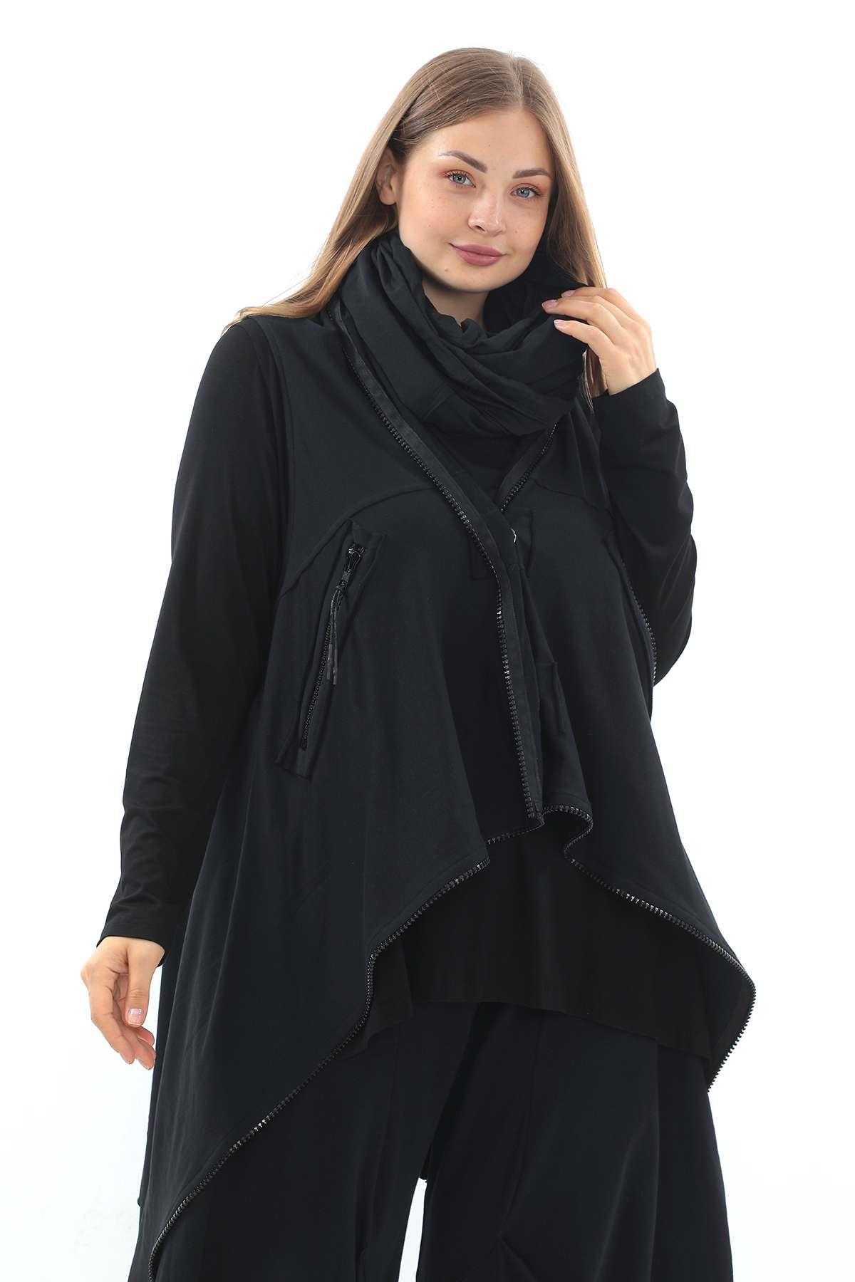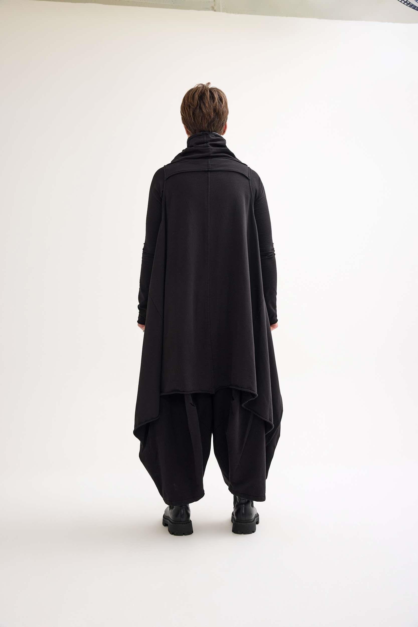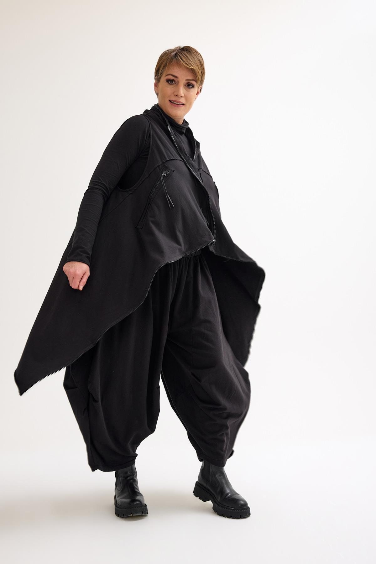 Asymmetric Cotton Vest with Zipper Details and Oversized Pockets An avant-garde cotton vest featuring zipper accents on the collar and hem, oversized zippered pockets, hidden snap fastenings, and a modern high-low cut for versatile layered styling.
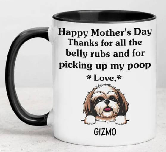 Brighten your mornings with a touch of humor and love with our Customize Dog Humor Mug. Featuring a playful "Thanks for picking up my poop and stuff" quote, this mug can be personalized with your pet's name and photo. Additionally, you can add a custom title and quote to make it uniquely yours. Available with red, white, or black handle options, this mug is the perfect gift for dog lovers who appreciate a good laugh and a warm beverage.
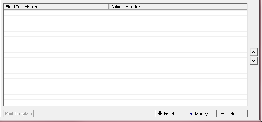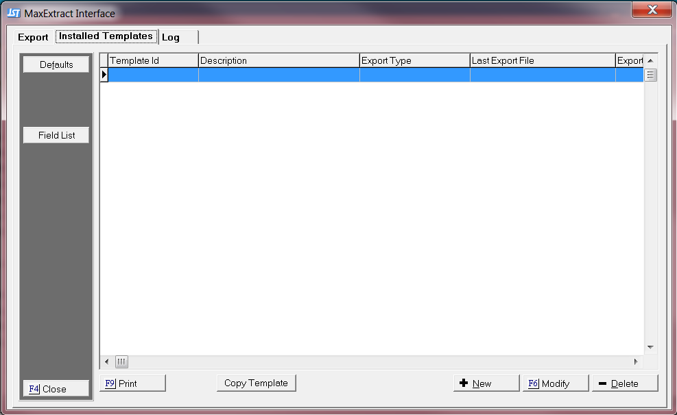 On this screen a list of the current templates will be displayed. From this screen, a user can set the defaults, add a new template, modify and existing template, copy a template, delete an existing template or print a list of available fields.
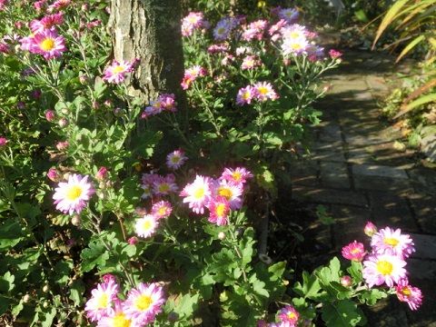 ピンクの小菊が咲き乱れている小道です。出かける前は、蕾だった花が全開になっていました。朝、起きれなくて、陽が上がってから撮影したので、またピンボケのような。薔薇ホットココアも咲きだして、競演しています。ピンクの菊、といっても、中央が白っぽいような小菊です。大学生の孫が、バンクーバーへ旅行していますが、心配性のママとの約束で、こまめにラインで連絡することになっています。「友達に会えた」「ホテルに着いた」「寝る」などの、短いメッセージでも、無事に元気にやっていることが分かり安心できます。半日連絡がないと、こちらから、「大丈夫?」それに対しては、「大丈夫、楽しいよ。今、シアトル」。カナダからアメリカへ入り、友達と二人で、小旅行をするようです。その様子は、パパにも妹にも伝わっていて、安心を共有しているから、ラインって、なんて便利なんだろう、と実感しました。しかも、海外であろうと無料なんですものね~。お城の形をしたレンガです。これが三個あって、この両端用のレンガが二つあります。これらを連結してもいいし、個々に使ってもいいのです。娘がプレゼントにと買っておいてくれました。すごく値下がりしていたんですって。家の形の置物は、なんでも好きなので、喜んで貰ってきました。庭のあちこちに置いてみますが、どうもしっくりきません。本当は、個々にではなく、一列に並べたい。なので、どうしたら違和感なく飾れるか、真剣に考え中です。レンガを積んで、高さを出してから、組み合わせてみようかな、とか。 花ブログランキングに参加しています。 応援のクリックをよろしくお願いします。 昨日のアクセス数 1397 昨日のランキング 1 位
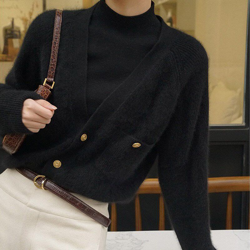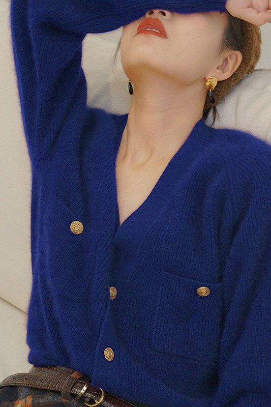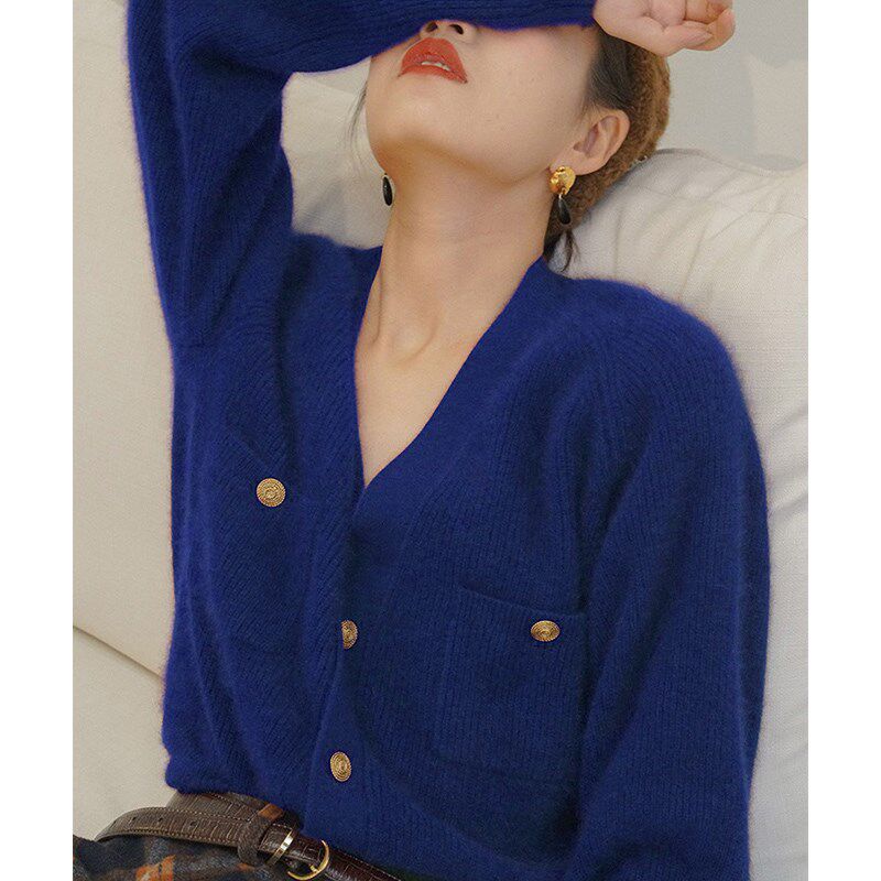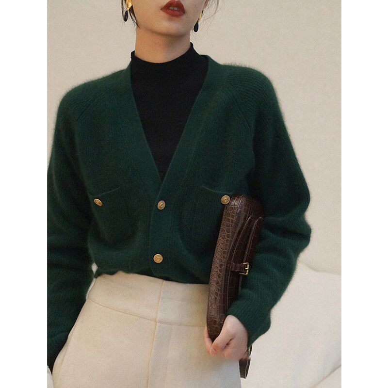 Ретро свитер, модный брендовый кардиган, французский стиль, V-образный вырез
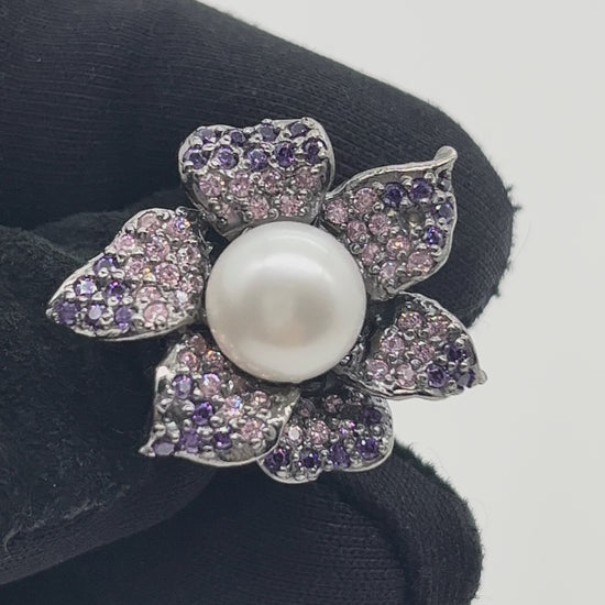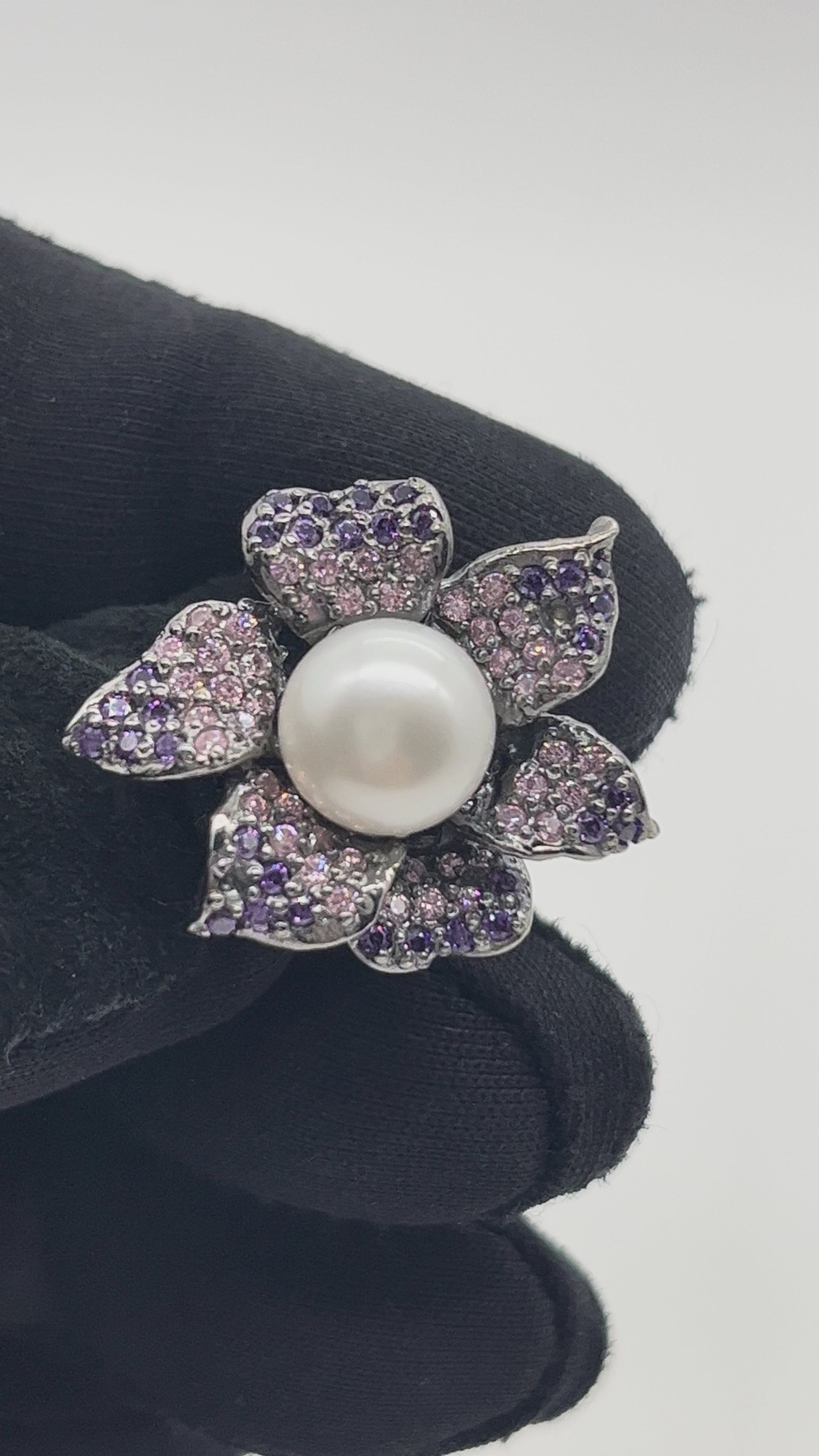 Anillo con diseño floral en plata 925, adornado con una perla auténtica y piedras Rondel en tonalidades morado oscuro y claro. Una pieza sofisticada que aporta el detalle perfecto para completar tu look nocturno.
# # # # #
A word-for-word transcription of the entries above, free of images, is what is wanted.

RESULT BELOW |
 Asymmetric Cotton Vest with Zipper Details and Oversized Pockets An avant-garde cotton vest featuring zipper accents on the collar and hem, oversized zippered pockets, hidden snap fastenings, and a modern high-low cut for versatile layered styling.
 Brighten your mornings with a touch of humor and love with our Customize Dog Humor Mug. Featuring a playful "Thanks for picking up my poop and stuff" quote, this mug can be personalized with your pet's name and photo. Additionally, you can add a custom title and quote to make it uniquely yours. Available with red, white, or black handle options, this mug is the perfect gift for dog lovers who appreciate a good laugh and a warm beverage.
 On this screen a list of the current templates will be displayed. From this screen, a user can set the defaults, add a new template, modify and existing template, copy a template, delete an existing template or print a list of available fields.
 ピンクの小菊が咲き乱れている小道です。出かける前は、蕾だった花が全開になっていました。朝、起きれなくて、陽が上がってから撮影したので、またピンボケのような。薔薇ホットココアも咲きだして、競演しています。ピンクの菊、といっても、中央が白っぽいような小菊です。大学生の孫が、バンクーバーへ旅行していますが、心配性のママとの約束で、こまめにラインで連絡することになっています。「友達に会えた」「ホテルに着いた」「寝る」などの、短いメッセージでも、無事に元気にやっていることが分かり安心できます。半日連絡がないと、こちらから、「大丈夫?」それに対しては、「大丈夫、楽しいよ。今、シアトル」。カナダからアメリカへ入り、友達と二人で、小旅行をするようです。その様子は、パパにも妹にも伝わっていて、安心を共有しているから、ラインって、なんて便利なんだろう、と実感しました。しかも、海外であろうと無料なんですものね~。お城の形をしたレンガです。これが三個あって、この両端用のレンガが二つあります。これらを連結してもいいし、個々に使ってもいいのです。娘がプレゼントにと買っておいてくれました。すごく値下がりしていたんですって。家の形の置物は、なんでも好きなので、喜んで貰ってきました。庭のあちこちに置いてみますが、どうもしっくりきません。本当は、個々にではなく、一列に並べたい。なので、どうしたら違和感なく飾れるか、真剣に考え中です。レンガを積んで、高さを出してから、組み合わせてみようかな、とか。 花ブログランキングに参加しています。 応援のクリックをよろしくお願いします。 昨日のアクセス数 1397 昨日のランキング 1 位
 Ретро свитер, модный брендовый кардиган, французский стиль, V-образный вырез
 Anillo con diseño floral en plata 925, adornado con una perla auténtica y piedras Rondel en tonalidades morado oscuro y claro. Una pieza sofisticada que aporta el detalle perfecto para completar tu look nocturno.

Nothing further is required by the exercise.